Tell them how you feel!
To the editor and my fellow residents of Hopewell Borough:
As most of you know by now there will not be a question on the November ballot, but it does not stop there.
We are going to demand a public meeting to let this council to stop making plans for a new building. We were told nothing about having this meeting prior to having a question on the ballot. In fact at the meeting about St. Michael’s it was brought up and the mayor said publicly it was not necessary.
Now if he said this where do you go from there? As you know it was a packed house that night.
I ask everyone who takes the time to read this to call everyone on council and Mayor George Padgett (466-9298). Council: Tom Dallessio (466-3603), Alice Huston (466-2013), David Knights (466-4425), David Mackie (466-1577), David Nettles (466-4623) and Henry Wittman (466-9302). All these phone numbers are public on the Guide to Municipal Services available to everyone at the Borough Hall. Tell them how you feel.
The next meeting will be Oct. 1 at 7:30 p.m. Show your support. They all can be remembered when they are running for re-election.
Sue Silvestri, Hopewell
‘Poor public policy implemented in grossly inept manner’
To the editor:
The recent escape from Mercer County Correctional Center and the subsequent manhunt reveal just how ill-equipped the former workhouse is to house violent criminals and how hollow were the assurances offered regarding the safety of the facility.
The community alert system was exposed as a joke some residents were not notified and those who did get that chilling message at 2 a.m. discovered later that the calls were largely meaningless due to the extraordinary time that had elapsed. The authorities have remained mum about what happened for obvious reasons. If not for the free press we might never know what a farce had occurred.
Those who insisted that it was an ill-conceived scheme to close one facility and create a maximum security prison in a once-quiet corner of Hopewell Township appear now to be quite correct. The scheme, hatched by our county executive, Robert D. Prunetti, was carried out in secrecy without consultation with Township residents or officials, without any meaningful study, and certainly without good judgment or common sense. Several years ago, a county effort to add yet more prisoners was wisely thwarted by a majority of the Township Committee.
As a neighbor remarked to us last week, "The escapee seems to be much smarter than the people in charge." The administration will no doubt blame an underpaid guard for a lapse in security. However, the responsibility lies with those who created this mess.
The questions of how and where we house our violent prisoners must be revisited. This is poor public policy that has been implemented in a grossly inept manner.

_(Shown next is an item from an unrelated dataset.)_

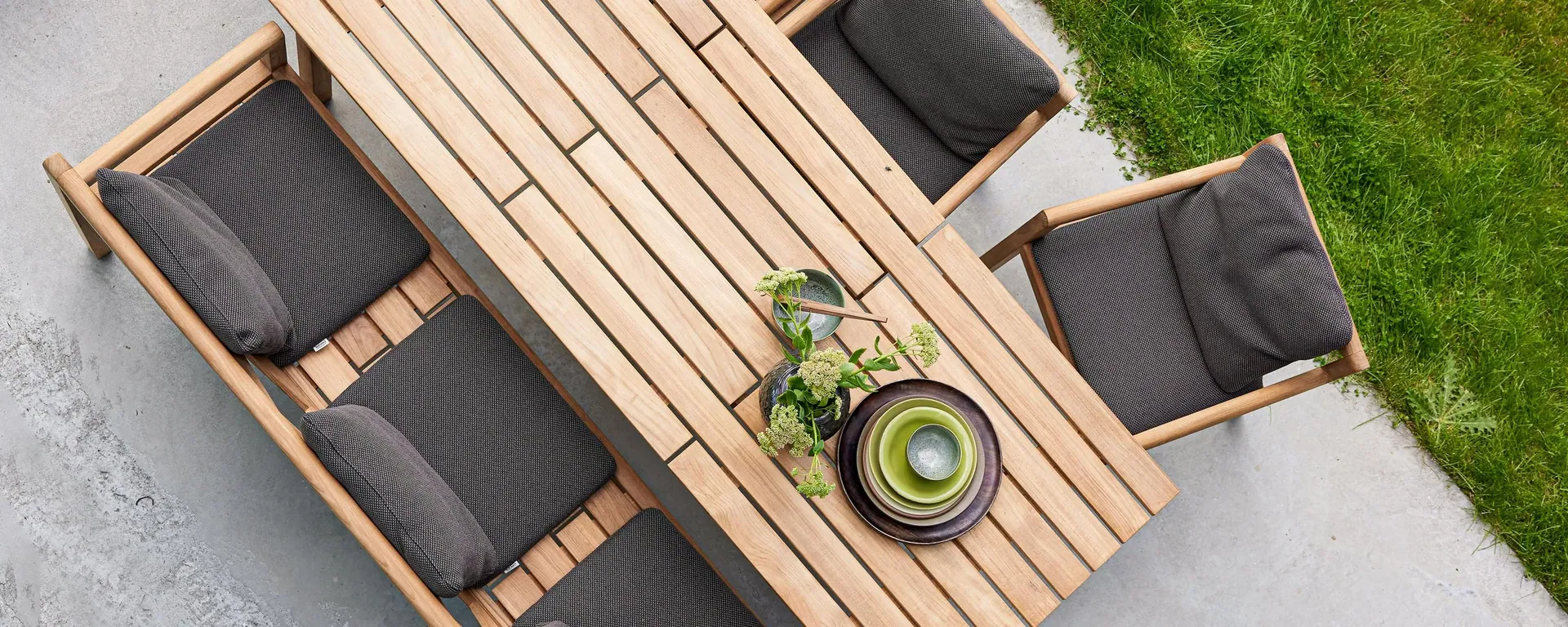 Die elegante Teakholz-Kollektion GRACE wurde von dem dänischen Deisgnerpaar Foersom und Hiort-Lorenzen MDD entworfen.Das Design von Grace ist Ausdruck einer diskreten Balance zwischen klaren nordischen Linien und moderner Schlichtheit.

Alexander Greenwood, Kathryn Federici Greenwood, Titusville
‘Political expediency over public safety’
To the editor:
While it is a relief to know that the convicted killer who slipped away from the Mercer County Corrections Center on Aug. 30 is now securely behind bars in a state facility, it is not very reassuring to be told by County Executive Robert Prunetti that security protocols at the center are more than adequate. Obviously, there was some very serious bumbling at the prison that morning that could not have been compensated for by all the razor wire in the world.
What good are the procedures in the manual if people are inadequately trained to follow them, if supervision from the top is lax, if overcrowding taxes the corrections personnel, or if the facility itself is pressed to its limits?

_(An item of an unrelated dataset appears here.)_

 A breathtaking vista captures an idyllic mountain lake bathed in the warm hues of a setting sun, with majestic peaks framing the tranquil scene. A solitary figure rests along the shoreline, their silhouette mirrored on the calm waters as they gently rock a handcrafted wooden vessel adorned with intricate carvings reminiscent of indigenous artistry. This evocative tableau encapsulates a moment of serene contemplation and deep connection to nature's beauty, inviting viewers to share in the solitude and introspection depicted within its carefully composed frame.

It has been three years now since the county closed the Detention Center in Trenton and, without so much as a courtesy call to the host community, moved maximum security prisoners to Hopewell Township. Township officials, both Republican and Democrat, have repeatedly objected to the move and demanded full accountability. Their efforts to establish an open dialog with the county executive on prison matters have been met consistently with hostility and contempt. Mr. Prunetti has been invited to attend township meetings to discuss the prison with the public, but stated that he would do so only with the condition that all questions be submitted in advance in writing.
It is no comfort to know that political expediency takes priority over public safety. In the fall of 1999, in a flimsy attempt to deflect criticism and snatch a political opportunity, Mr. Prunetti arranged an intimate meeting at the Titusville home of Republican Chairman Bill Cane to discuss prison issues with a handful of residents. This was hardly a public venue. It was no coincidence that the meeting, which was followed by a press release, was held in the midst of a rancorous and highly visible campaign for two positions on the Hopewell Township Committee. The outcome of that meeting was creation a "Citizens Advisory Committee." Among the appointees was none other than one of the Republican candidates in that election. Patrick Cane, a candidate in this year’s race, has stated that he was present at that meeting. Perhaps he would like to offer the beleaguered neighbors of the Corrections Center an update on the "Advisory Committee’s" activities and accomplishments over the past two years.
Throughout the disclosure of the shocking circumstances surrounding the escape, the posture of county officials has been simply defensive and condescending. It would have been so much better to say, "We are sorry for putting you through this." The most intelligent move and the most considerate comment so far has come from Hopewell Township Police Lt. George Meyer, who apologized for frightening residents when it was clear that the danger was long gone. If ever a person was pressed between a rock and a hard place it was this officer, who had to choose between common sense and an order from the prison warden to sound a ridiculously belated alarm. It is unfortunate that he was forced to choose the latter.